Jean Brunet Pork Pâté with Red Peppers &… | 🦆The Bow Tie Duck Manila

Jean Brunet Pork Pâté with Red Peppers & Olives

A Rustic Sensation

This coarse coun­try pork liv­er pâté from the kitchens of Jean Brunet in the High Pyre­nees is ele­vat­ed by the sweet­ness of red pep­pers and the leafy tang of olives bal­ances the strength of the pork liv­er. Over­all, it’s a delight­ful addi­tion to week­end brunch or long after­noon pic­nics in the park.

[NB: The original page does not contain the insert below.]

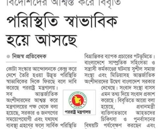 ভোরের আকাশ, ৩১ জুলাই ২০২৪, অফিস আদালত স্বাভাবিক সূচিতে ফিরছে আজ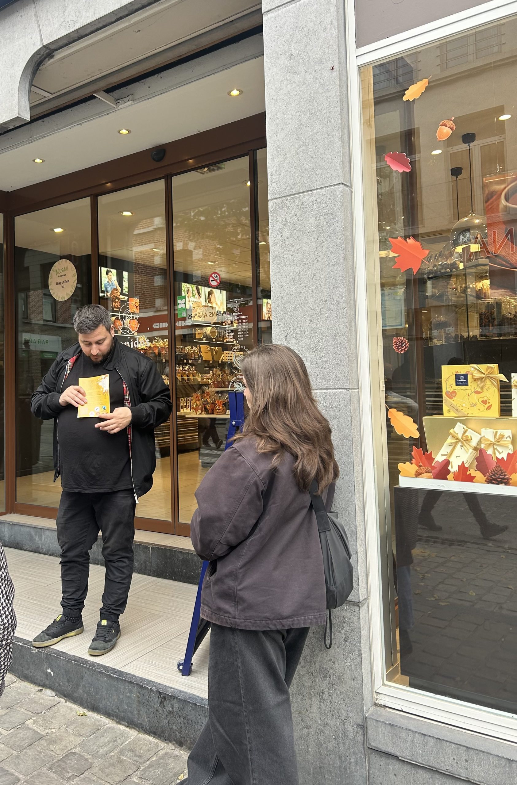 En parcourant Mons et en observant des objets du quotidien, du café à la bière, en passant par les vêtements ou les produits alimentaires, les participants ont été invités à réfléchir aux liens invisibles qui relient nos habitudes de consommation aux dynamiques de dominations « indirectes » liées à l’héritage colonial. Guidés par Maxime, animateur de l’association, les participants portent un autre regard sur ces lieux du quotidien : celui des inégalités en matière de production et de consommation. Cette visite est marquée par une volonté de révéler le fonctionnement des circuits longs et les mécaniques du système économique actuel, tout en abordant ces sujets sans culpabilisation. Au long du parcours, les participants ont pu feuilleter un fascicule rédigé par Le Village du Monde, apportant des informations, des chiffres et des éléments historiques pour nourrir les échanges.

Coun­try pâtés — oth­er­wise known as pâtés de cam­pagne — are tra­di­tion­al­ly made with dif­fer­ent parts of pork as well as the liv­er, and are enhanced with herbs and spices avail­able in the sur­round­ing area. The pep­pers and olives take the mean­ing of coun­try­side across bor­ders and cel­e­brate Span­ish influ­ences from the oth­er side of the Pyre­nees. This makes for a hearti­er blend than most pâtés, suit­able for a light lunch as well as an after­noon picnic.

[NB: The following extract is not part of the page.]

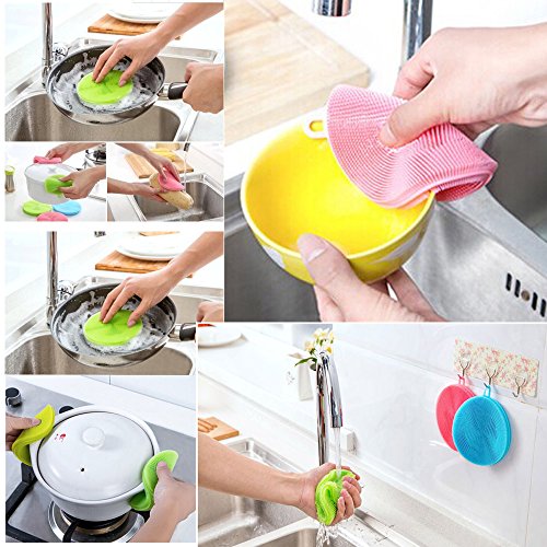 - EASY TO CLEAN & KEEP DRY - They can be easily sanitized - unlike regular sponges that are bacteria magnets.The silicone dish scrubbers can rinse clean fairly well and dry thoroughly.They will be good as new when they get clean and dry, and they can easily be popped in the dishwasher or even boiled to get clean.

While pâtés are tra­di­tion­al pic­nic food or lun­cheon food, the ample fat­ty fla­vor of this pork vari­ant makes it suit­able for even the more eclec­tic pair­ings. Asian fusion lovers will find it takes the sim­ple Viet­namese bánh mì sand­wich to an entire­ly new gourmet lev­el. Fin­ish off the meal with a love­ly Chablis — great with any pork dish! — or a young Bor­deaux. Gin lovers, you’re in for a treat. The fresh botan­i­cal taste of the junipers and lemons in our Grif­fo Scott Street Gin also pair beau­ti­ful­ly with a pâté-laden meal. Gin fizz or gim­let, anyone?

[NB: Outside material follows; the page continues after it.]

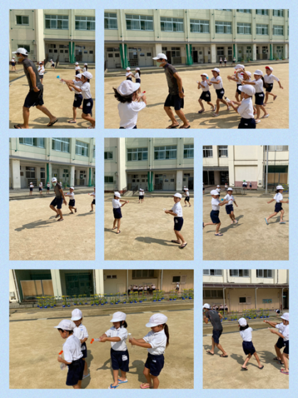 水着の上に体操服を着て、運動場で水を飛ばしたり、かけ合ったりしました。子ども達は、運動場を走り回りながら、先生を追いかけて笑顔で水をいっぱいかけていました。(笑)

Almost all things French or gen­er­al­ly Euro­pean have lay­ers and lev­els to them that leave the rest of the world some­what at a loss. The soft­er side of char­cu­terie is no excep­tion. A pâté is for­mal­ly con­sid­ered a very fine-tex­tured dish made from liv­er, while a ter­rine is made from the chunki­er cuts of meat. How­ev­er, a pâté can also be a ter­rine — if it is made in the bak­ing dish of that name! Nowa­days, as char­cu­terie spe­cial­ists exper­i­ment with more and more com­bi­na­tions and fla­vors, the terms pâté and ter­rine are used interchangeably. 

Storage Instructions

Store unopened con­tain­ers of pâté in a cool, dry panty. Once opened, pâté will keep three to four days in the refrig­er­a­tor. It can also be frozen for up to two months, though we rec­om­mend you con­sume it as soon as possible!